If, instead, they storm the barricades they are “unhinged,” like Tymoshenko, or financed by the CIA and high on oranges injected by the CIA with narcotics. In the Orange Revolution, Lyudmila Yanukovych said at one of her husband’s rallies that the CIA had imported drugged oranges for protestors so they would stay in tents on the maidan (see video: www.youtube.com/watch?v=EtS2xb8EFD4). Since Yanukovych was elected, Lyudmila Yanukovych has been kept out of public sight in Donetsk.

The head of the Association of Owners of Arms, which believes there are 2 million legal holders of weapons in Ukraine, told Kommersant-Ukrainy (Nov. 4) that the president’s paranoia “smells of 1937.” Anatoliy Grytsenko, the head of the parliamentary committee on national security and defense, is concerned that Yanukovych’s paranoia signifies a shift in the authorities’ threat perceptions from external to internal. Of Ukraine’s 715,000 security forces only 184,000 are military personnel.

Front for Change leader, Arseniy Yatseniuk pointed out that corrupt interior ministry officers are the major source of illegal weapons.

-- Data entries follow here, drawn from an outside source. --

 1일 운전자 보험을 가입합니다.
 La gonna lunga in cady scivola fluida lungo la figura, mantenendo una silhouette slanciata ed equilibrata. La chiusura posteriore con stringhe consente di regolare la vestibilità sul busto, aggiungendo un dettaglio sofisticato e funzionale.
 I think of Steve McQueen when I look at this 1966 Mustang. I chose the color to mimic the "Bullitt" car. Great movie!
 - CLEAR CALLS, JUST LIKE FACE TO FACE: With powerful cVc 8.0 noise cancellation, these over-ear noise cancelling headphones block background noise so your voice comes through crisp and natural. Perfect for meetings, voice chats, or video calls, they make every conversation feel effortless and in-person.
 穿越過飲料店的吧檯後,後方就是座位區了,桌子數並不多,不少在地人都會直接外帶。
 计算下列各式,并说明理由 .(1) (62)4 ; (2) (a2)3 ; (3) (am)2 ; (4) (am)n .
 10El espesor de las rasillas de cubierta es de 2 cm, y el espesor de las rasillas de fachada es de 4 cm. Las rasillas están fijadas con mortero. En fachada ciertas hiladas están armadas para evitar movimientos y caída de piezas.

He added “every Ukrainian has a weapon as there is a pitchfork in every decent home” (Ukrayinska Pravda, November 3). Paranoia is stoked up by the president’s oligarchic allies and security forces to make him dependent upon them. Yanukovych’s bodyguard is a Russian citizen and his security establishment was successfully lobbied by Russia (EDM, March 29, 2010, Jamestown blog, October 13, 28, 2010).

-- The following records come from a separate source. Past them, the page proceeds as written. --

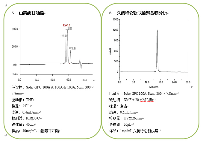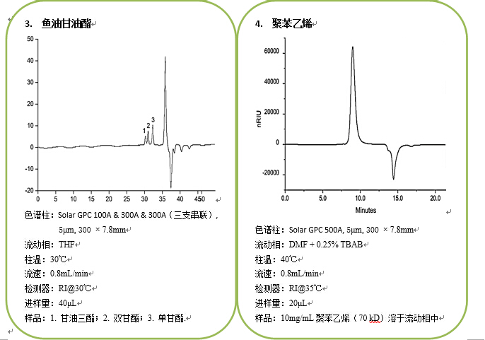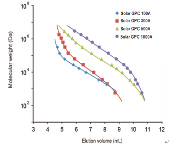• Solar系列脂溶性GPC/SEC色譜柱 Solar系列體積排阻色譜柱,以高交聯(lián)度的聚苯乙烯/二乙烯苯(PS/DVB)顆粒為基質(zhì),具有極窄的粒徑和孔徑分布,使分析中保留時(shí)間與分子量具有準(zhǔn)確的線性關(guān)系。高交聯(lián)度的多孔顆粒具有優(yōu)異的化學(xué)和物理穩(wěn)定性,因此在更換有機(jī)溶劑時(shí)可以使分子量校正曲線的形狀和色譜柱的柱效幾乎保持不變。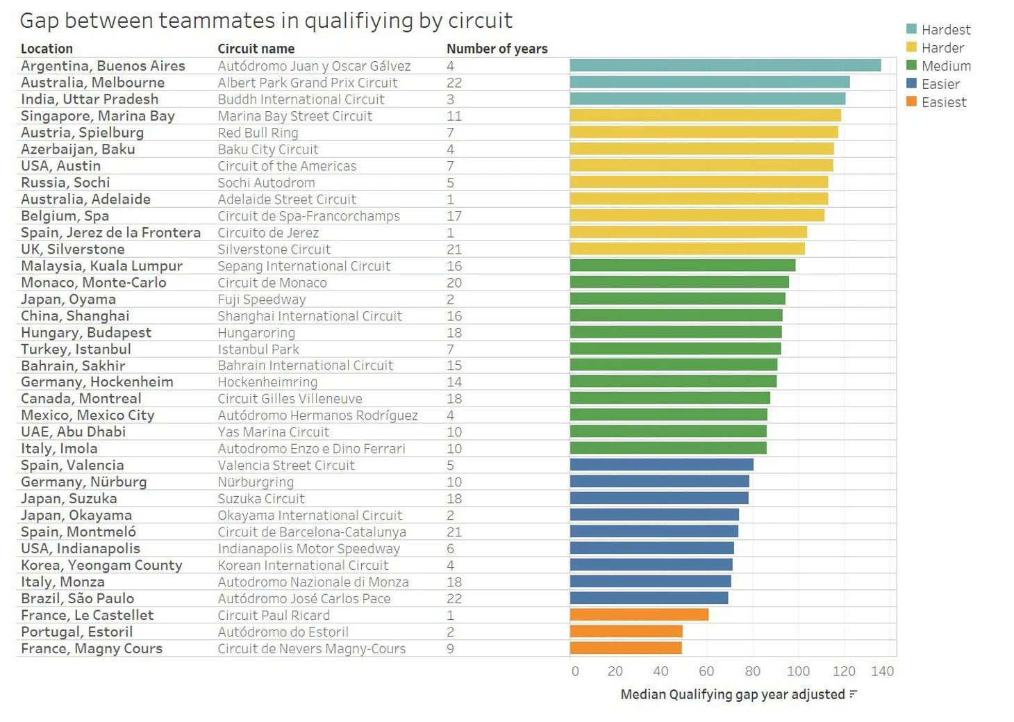 В рамках этой идеи аналитик рассчитал разницу в квалификационных результатах между финальными попытками напарников и на каждом треке в каждом сезоне, начиная с 1994 года, и средней разницей в конкретном в конкретном сезоне (необходимо для того, чтобы учитывать внутренние перемены в «Формуле-1»: новое покрытие на треках, новый регламент и так далее; также разрывы сильно снизились по сравнению с 90-ми естественным образом). Затем общий результат для треков формировался как среднее значение полученного процента за все годы присутствия в календаре «Ф-1» за последние 25 лет.
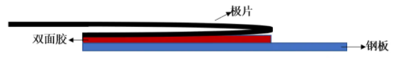 取一塊平整的薄鋼板,長度約200-300mm,寬度約40-60mm;首先在鋼板中心貼上一條雙面膠(長度大于樣品測試長度即可,與極片等寬),用力撫平,保證雙面膠緊密貼合在鋼板中心。揭開雙面膠,將極片貼合在膠條上,必須保證極片與膠紙完成匹配貼合,否則測試剝離力的寬度發(fā)生變化,測試值不準確,并且剝離曲線會出現(xiàn)跳點或波浪。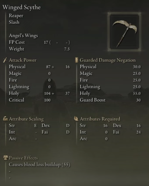 게다가 날개 달린 낫 외에는 아무것도 없이 엘든 링을 플레이한 일부 플레이어는 이 무기가 게임을 이지 모드로 변형시킨다고 말합니다. 16 Dex, 16 Str, 24 Fai인 이 무기를 휘두르기 위한 초기 요구 사항을 충족한 후 해야 할 일은 믿음 속성에 투자하는 것뿐입니다. 그러면 기본적으로 날개 달린 낫을 가진 괴물이 될 것입니다.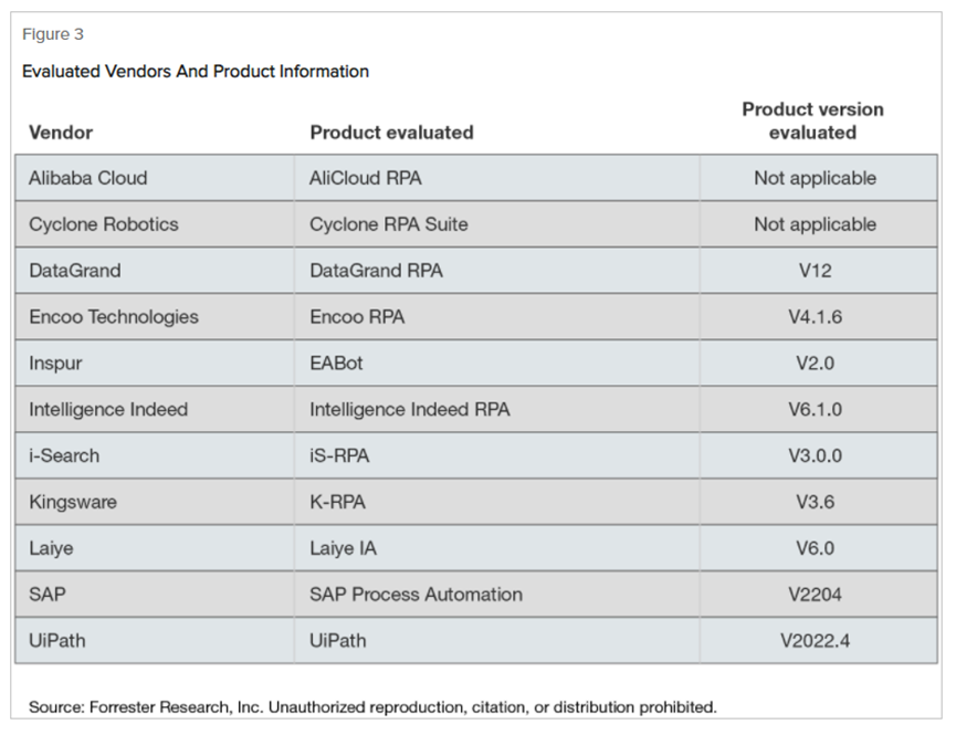 未经允许不得转载:RPA中国 | RPA全球生态 | 数字化劳动力 | RPA新闻 | 推动中国RPA生态发展 | 流 > Forrester发布2022年Q3中国RPA厂商报告:11家企业上榜

Arms were planted on Svoboda (Freedom) and Tryzuyb (Trident) nationalists who were arrested in January 2011, after the Jozef Stalin monument was blown up in Zaporizhzhia. In August, the leaders of the marginal nationalist group, Patriots of Ukraine, were interrogated after the SBU revealed plans for a terrorist attack on August 24, Ukraine’s Independence Day.

Ahead of the soccer Euro-2012 championship, another threat is politicized football fans. A senior interior ministry officer revealed to Ukrayinsky Tyzhden on November 4 that instructions had been sent from the presidential administration to repress fanatical football supporters. These instructions were issued after the August 7 soccer match between Kyiv Dynamo and Lviv Karpaty, where supporters of both clubs chanted “Thank you Donbas for a Faggot President” (www.youtube.com/watch?v=w0IqcXwpZpY). A print shop producing tee-shirts with the lyric was closed and its owner has fled abroad.

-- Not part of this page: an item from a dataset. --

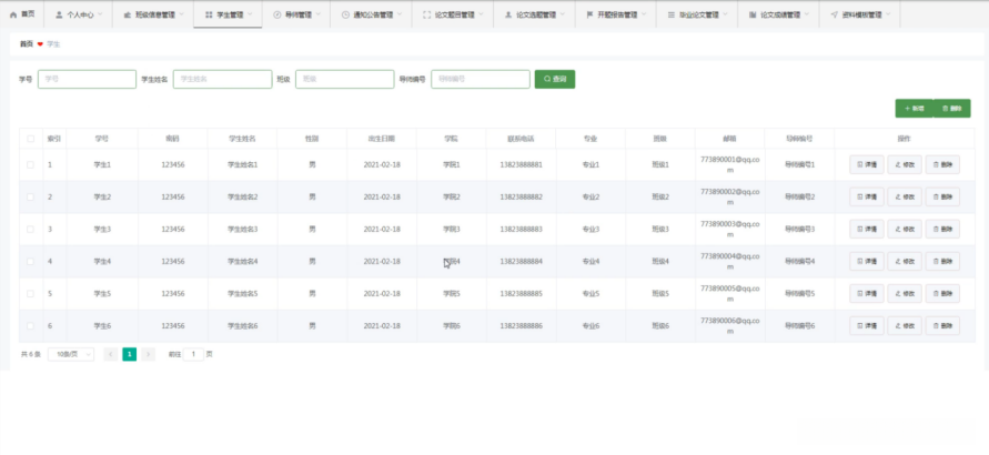学生管理,在学生管理页面中可以查看索引、学号、密码、学生姓名、性别、出生日期、学院、联系电话、专业、班级、邮箱、导师编号等信息,并可根据需要进行修改或删除等操作,如图5-4所示。
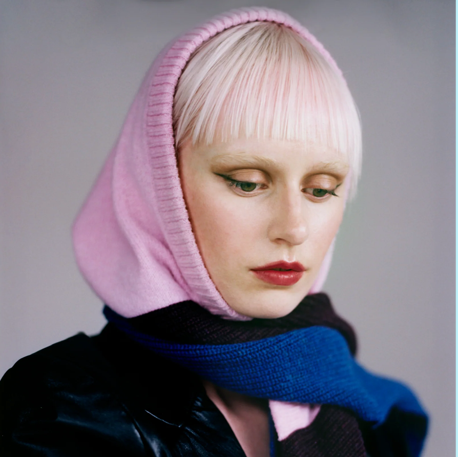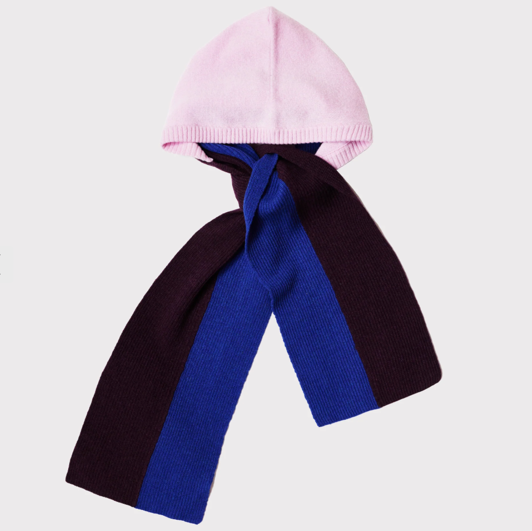 The pink hooded scarf is made from pure lambswool and is handcrafted in Scotland by Shirley, Shelia, Finlay & Sharon.

A Peoples Council was established by radical social, veterans and business NGO’s on Nov. 5, with the objective of overthrowing Yanukovych. Chernobyl and Afghanistan veterans have twice almost stormed parliament, in the second incident breaking newly erected metal fences. The Peoples Council will have limited influence because of widespread disillusionment in opposition politicians. “Today the political opposition is completely unable to do anything,” Volodymyr Fesenko, the head of the Penta think tank, said. He pointed to low numbers of protestors in Ukraine compared to those in Greece and elsewhere in Europe.

The president’s paranoia will have two outcomes. First, it reduces the chances of Tymoshenko’s release. Second, it is likely to stoke further political repression, especially ahead of the 2015 presidential election, when Yanukovych will campaign for re-election. In such an environment of paranoia, exaggerated threats and personal insecurity, it will be virtually impossible to hold free elections in 2012 and 2015.

Taras Kuzio is a senior fellow at the Center for Transatlantic Relations, School Advanced International Studies, Johns Hopkins University, Washington DC.